從陳逸被禁足抄寫家規,到寫了那首《蜀州吟·入贅蕭門》,再到解除禁足去城南煙花巷,以及為了幫助李懷古和雲香姑娘假裝去“強搶民女”的事,說的極為細緻。
唯有一件事被小蝶隱瞞下來——那首名為《婉神賦》的詩詞,她連提都不敢提,生怕二小姐聽到後責罰姑爺。
等她講完,車廂內半晌無言。
蕭婉兒在腦海中過了一遍陳逸做的事情,想起那次夜晚陳逸翻牆來到佳興苑,不由得笑了。
潔白絨毛襯托的那種如玉容顏越發明媚,宛如一朵綻放的蓮花般純淨。
“二妹,你這位夫君所做之事,不能用常理去想。”
“或許吧。”蕭驚鴻暫時放下了心中芥蒂。
相比那些附庸風雅的學子名流和人云亦云的百姓,小蝶的話分量顯然更重一些。
蕭婉兒知道她性子冷一些,便沒有多說,而是再次開啟那幅字帖。
隨著她素手輕盈的展開,便見那幅五尺長的雲松紙上,每個字上一一浮現出一縷縷瑩白。
不過很快,字帖上的光澤消散,只剩下一枚枚隱約流光浮動的字。
蕭婉兒看著,眼眸頓時凝滯。
彷彿那些橫豎筆畫有著奇詭力量般,讓她的目光挪不開半分。
不止是她,一旁的蕭驚鴻同樣如此。
只不過和蕭婉兒不修武道不同,蕭驚鴻在這字帖上看到的不是單純的文字,而是一縷縷飄渺悠然的意境。
恍惚間,她的眼前彷彿出現一道身著長衫漫步山間田野中的身影。
那身影有著修長的身材,腦後長髮盤成髮髻,俊朗的臉上總是溫和的笑容,正不慌不忙的看著周遭美景。
“妹夫的字,當真不拘一格。不,應該說他的字已然自成一派了。”
良久,蕭婉兒讚歎道:“難怪方才嶽明先生那般說,這幅字帖的意義只怕是……”
只怕是能夠讓大魏朝無數書法名家趨之若鶩。
就如今日的嶽明先生那般,不顧身份,不顧形象的跟一位侯府丫鬟掰扯。
蕭驚鴻回過神來,點頭道:“應是如此。”
蕭婉兒宜喜宜嗔的瞧著她:“二妹,這是不開心?”
“大姐多想了。”
蕭驚鴻側頭看向車窗外,腦海中仍舊留著方才在字帖上看到的身影,心中莫名生出幾分好奇。
事實上,在成婚之前,她曾經悄悄跑去逢春樓看過陳逸一眼。
當時她只覺得夫君和其他儒生學子一樣,有很重的書卷氣,以及一絲怨憤和陰鷙的氣質。
與她如今聽到的其他人口中的“夫君”完全不同。
因而,蕭驚鴻十分好奇,在她離開侯府的這段時日內,陳逸身上發生了什麼。
總不能是被人“偷樑換柱”了吧?
沒過多久。
沈畫棠駕著馬車進入蕭家大門,後面跟著另外一輛同制式的馬車,以及王力行等人。
葛老三遠遠看著馬車穿過中院,直奔後院,嘀咕道:“瞧咱們兩位小姐的架勢,我怎麼感覺姑爺這回完蛋了?”
啪。
王力行忍不住給了他一巴掌,瞪著他道:“不要命了,敢說這話?”
葛老三剛要開口,臉上頓時恍然,連忙合十告饒:“行哥見諒,這段時日小姐不在府內,我忘了。

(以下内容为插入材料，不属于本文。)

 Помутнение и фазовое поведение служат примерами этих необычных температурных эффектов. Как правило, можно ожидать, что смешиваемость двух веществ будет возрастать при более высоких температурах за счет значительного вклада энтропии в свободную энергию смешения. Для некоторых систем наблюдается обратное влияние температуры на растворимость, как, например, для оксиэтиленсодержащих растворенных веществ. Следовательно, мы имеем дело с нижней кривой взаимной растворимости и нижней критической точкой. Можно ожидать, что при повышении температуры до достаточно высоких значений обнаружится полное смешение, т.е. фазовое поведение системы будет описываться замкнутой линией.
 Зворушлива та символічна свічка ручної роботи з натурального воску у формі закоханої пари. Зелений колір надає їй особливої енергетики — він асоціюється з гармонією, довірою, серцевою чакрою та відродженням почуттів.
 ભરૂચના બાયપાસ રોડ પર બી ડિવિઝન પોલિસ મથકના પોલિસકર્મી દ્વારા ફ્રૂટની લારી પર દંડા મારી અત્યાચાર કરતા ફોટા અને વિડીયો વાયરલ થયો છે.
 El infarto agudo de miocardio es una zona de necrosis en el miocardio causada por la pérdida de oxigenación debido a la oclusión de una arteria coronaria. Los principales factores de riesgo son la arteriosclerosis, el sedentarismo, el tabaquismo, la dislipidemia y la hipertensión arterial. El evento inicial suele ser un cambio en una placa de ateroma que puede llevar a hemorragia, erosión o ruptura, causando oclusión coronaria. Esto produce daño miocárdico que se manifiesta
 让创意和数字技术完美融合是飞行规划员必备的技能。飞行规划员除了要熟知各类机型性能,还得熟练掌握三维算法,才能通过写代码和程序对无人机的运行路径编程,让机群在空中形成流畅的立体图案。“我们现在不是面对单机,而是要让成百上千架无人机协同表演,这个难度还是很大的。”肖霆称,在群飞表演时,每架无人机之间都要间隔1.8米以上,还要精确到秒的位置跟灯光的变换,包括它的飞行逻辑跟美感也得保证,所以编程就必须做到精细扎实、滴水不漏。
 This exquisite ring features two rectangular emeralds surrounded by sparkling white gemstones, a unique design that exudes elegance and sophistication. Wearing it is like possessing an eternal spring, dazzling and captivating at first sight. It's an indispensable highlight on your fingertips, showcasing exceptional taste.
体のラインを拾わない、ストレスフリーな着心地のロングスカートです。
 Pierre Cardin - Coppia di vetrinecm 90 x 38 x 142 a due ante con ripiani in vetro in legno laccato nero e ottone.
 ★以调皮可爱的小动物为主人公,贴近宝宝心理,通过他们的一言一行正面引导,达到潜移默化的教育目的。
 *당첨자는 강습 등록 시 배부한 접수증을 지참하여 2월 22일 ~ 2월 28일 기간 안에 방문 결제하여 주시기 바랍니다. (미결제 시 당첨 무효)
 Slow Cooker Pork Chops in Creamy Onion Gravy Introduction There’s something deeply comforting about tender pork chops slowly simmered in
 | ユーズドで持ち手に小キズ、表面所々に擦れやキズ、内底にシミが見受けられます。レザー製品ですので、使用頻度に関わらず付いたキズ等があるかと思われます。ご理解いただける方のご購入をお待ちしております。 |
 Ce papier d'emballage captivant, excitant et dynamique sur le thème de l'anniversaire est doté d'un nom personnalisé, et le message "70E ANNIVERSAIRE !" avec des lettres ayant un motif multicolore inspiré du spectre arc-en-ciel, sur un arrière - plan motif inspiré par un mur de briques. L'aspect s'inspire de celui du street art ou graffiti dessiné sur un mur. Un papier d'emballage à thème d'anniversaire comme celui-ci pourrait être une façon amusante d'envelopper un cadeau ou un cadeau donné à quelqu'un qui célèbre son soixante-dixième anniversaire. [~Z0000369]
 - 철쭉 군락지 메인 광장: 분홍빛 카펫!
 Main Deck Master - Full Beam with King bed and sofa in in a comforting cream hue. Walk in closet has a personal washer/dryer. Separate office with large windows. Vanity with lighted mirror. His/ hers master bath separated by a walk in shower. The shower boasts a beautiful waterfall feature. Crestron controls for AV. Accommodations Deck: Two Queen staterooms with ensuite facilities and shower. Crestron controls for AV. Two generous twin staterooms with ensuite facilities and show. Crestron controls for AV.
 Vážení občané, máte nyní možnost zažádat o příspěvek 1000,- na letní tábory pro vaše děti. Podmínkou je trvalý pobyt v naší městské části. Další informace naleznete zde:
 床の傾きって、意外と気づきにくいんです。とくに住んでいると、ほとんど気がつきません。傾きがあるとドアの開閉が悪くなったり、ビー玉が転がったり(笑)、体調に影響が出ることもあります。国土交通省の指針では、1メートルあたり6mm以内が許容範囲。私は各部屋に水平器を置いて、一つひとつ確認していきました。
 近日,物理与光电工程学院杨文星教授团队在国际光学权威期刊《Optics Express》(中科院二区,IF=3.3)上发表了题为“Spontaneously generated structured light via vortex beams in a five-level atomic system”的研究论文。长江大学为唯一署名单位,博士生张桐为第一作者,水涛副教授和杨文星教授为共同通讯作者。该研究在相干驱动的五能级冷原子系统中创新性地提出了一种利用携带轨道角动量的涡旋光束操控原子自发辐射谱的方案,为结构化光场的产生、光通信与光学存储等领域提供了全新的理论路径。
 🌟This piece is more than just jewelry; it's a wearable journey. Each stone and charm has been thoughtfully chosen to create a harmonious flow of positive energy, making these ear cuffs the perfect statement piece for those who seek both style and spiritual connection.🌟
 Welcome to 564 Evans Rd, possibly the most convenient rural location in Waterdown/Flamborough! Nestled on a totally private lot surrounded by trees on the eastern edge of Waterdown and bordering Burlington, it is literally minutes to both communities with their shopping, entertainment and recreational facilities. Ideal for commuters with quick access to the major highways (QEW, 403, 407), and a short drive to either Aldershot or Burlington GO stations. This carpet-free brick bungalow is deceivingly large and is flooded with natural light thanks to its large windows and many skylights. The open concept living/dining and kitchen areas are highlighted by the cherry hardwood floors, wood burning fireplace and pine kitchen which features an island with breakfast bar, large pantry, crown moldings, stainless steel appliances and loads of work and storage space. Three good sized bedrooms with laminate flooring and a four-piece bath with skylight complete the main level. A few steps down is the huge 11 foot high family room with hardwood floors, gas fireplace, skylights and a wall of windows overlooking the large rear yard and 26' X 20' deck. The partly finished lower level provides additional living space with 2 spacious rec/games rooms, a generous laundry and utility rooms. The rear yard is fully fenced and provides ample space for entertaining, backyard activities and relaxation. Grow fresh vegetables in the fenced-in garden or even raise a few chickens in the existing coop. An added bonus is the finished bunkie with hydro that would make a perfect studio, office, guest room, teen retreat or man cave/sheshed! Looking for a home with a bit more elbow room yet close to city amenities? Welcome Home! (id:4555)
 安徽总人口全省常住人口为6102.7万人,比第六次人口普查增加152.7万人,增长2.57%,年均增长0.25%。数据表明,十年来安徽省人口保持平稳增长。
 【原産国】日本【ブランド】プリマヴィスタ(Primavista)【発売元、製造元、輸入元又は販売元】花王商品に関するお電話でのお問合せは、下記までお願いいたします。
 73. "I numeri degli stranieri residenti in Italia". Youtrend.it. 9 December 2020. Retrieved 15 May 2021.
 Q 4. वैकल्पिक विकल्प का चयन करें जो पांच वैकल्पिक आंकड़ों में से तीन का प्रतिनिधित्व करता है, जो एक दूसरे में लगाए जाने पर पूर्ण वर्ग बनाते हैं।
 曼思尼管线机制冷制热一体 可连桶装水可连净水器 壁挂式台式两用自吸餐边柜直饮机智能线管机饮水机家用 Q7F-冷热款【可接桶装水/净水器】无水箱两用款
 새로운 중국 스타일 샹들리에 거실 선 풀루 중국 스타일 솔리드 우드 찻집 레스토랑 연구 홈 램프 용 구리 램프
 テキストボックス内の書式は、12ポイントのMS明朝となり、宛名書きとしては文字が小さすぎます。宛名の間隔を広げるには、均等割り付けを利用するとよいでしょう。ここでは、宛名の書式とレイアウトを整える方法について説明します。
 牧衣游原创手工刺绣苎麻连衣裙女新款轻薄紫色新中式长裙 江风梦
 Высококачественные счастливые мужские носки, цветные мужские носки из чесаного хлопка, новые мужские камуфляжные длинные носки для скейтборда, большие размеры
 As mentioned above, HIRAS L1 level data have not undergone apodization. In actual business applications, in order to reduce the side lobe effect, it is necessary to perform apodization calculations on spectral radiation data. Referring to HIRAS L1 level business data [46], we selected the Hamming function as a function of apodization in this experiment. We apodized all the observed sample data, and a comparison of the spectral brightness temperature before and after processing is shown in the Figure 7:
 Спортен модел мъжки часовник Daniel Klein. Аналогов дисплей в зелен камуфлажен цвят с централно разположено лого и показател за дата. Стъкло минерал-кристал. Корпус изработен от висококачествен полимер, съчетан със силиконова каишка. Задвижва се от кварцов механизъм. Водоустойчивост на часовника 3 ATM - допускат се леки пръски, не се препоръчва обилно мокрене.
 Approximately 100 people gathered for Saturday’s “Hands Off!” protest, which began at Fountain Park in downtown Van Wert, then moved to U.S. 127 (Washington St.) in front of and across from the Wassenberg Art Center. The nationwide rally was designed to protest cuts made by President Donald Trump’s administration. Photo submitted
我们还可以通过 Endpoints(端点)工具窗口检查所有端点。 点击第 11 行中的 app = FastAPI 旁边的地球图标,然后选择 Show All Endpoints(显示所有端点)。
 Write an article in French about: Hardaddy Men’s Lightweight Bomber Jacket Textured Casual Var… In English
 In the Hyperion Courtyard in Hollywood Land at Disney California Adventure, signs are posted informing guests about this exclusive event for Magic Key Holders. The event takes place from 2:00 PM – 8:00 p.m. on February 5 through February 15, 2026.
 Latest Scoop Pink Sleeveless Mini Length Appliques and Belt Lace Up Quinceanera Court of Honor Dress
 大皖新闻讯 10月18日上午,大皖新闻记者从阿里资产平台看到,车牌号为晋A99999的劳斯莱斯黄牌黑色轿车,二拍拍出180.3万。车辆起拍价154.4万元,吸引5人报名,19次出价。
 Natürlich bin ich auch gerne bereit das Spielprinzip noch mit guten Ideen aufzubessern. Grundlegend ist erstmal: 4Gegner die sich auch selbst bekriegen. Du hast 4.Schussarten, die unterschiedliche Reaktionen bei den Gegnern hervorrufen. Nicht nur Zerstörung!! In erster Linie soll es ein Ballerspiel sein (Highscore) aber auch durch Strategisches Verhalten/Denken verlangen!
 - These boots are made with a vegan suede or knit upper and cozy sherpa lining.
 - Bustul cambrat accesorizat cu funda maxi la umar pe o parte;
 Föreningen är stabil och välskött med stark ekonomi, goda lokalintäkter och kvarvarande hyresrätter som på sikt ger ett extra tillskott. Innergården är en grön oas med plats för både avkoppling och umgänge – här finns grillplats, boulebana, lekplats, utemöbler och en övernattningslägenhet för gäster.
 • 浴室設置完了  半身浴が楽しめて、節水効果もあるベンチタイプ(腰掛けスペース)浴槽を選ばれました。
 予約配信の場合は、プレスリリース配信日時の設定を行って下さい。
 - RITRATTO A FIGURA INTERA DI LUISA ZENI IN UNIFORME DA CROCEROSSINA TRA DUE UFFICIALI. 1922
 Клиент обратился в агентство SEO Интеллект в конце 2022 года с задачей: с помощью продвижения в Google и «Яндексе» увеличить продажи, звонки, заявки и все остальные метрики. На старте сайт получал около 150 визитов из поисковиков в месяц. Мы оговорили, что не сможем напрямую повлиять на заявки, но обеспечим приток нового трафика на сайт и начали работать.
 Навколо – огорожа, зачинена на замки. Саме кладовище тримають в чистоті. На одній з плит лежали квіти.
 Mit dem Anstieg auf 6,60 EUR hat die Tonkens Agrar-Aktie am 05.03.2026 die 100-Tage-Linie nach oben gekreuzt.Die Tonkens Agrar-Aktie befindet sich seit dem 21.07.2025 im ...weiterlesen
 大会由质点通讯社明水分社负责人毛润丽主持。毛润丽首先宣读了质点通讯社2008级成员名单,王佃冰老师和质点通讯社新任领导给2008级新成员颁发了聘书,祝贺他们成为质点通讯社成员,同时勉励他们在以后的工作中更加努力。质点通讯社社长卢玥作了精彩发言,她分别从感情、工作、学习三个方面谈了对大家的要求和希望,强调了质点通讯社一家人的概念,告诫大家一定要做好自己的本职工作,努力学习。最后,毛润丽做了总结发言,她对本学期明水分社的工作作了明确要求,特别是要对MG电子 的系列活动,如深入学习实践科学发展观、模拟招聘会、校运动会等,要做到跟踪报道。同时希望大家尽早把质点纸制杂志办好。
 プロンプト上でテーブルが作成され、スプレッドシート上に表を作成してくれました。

”
他的確忘了。
大小姐蕭婉兒沒有武道傍身還好一些。
但是二小姐蕭驚鴻可是四品境修士,一身武道早已超凡脫俗,可聽別人聽不到之聲,可看別人看不到之物,也可腳踏凌雲直入雲霄。
這等強者,便是不注意他,也能聽到他在背後的話。
劉四兒瞧了瞧兩人,低聲道:“總之二小姐回來,府裡所有人都能安分些。”
他孃的,最需要安分的就是那隻雛鳥!
……
隨著蕭家兩位小姐回府,整座侯府的所有宅院都收到了訊息。
清淨宅內。
老侯爺接到下人傳話時,正與乾國公等人下棋,聞言臉上微喜。
“驚鴻回府,稍後老夫便不多陪二位了。”
張瑄微一撇嘴:“老匹夫,你夠無恥,也是走了狗屎撸屇闶捈页隽梭@鴻這位奇才。”
孫輔點頭:“話糙理不糙,的確如此。”
老侯爺倒也不著惱,樂過之後,臉上多少流露出落寞之情。
“若非她們父母都死在戰場上,我蕭家何必讓驚鴻出來挑頭?”
“行了行了,高興的日子別說掃興的話。”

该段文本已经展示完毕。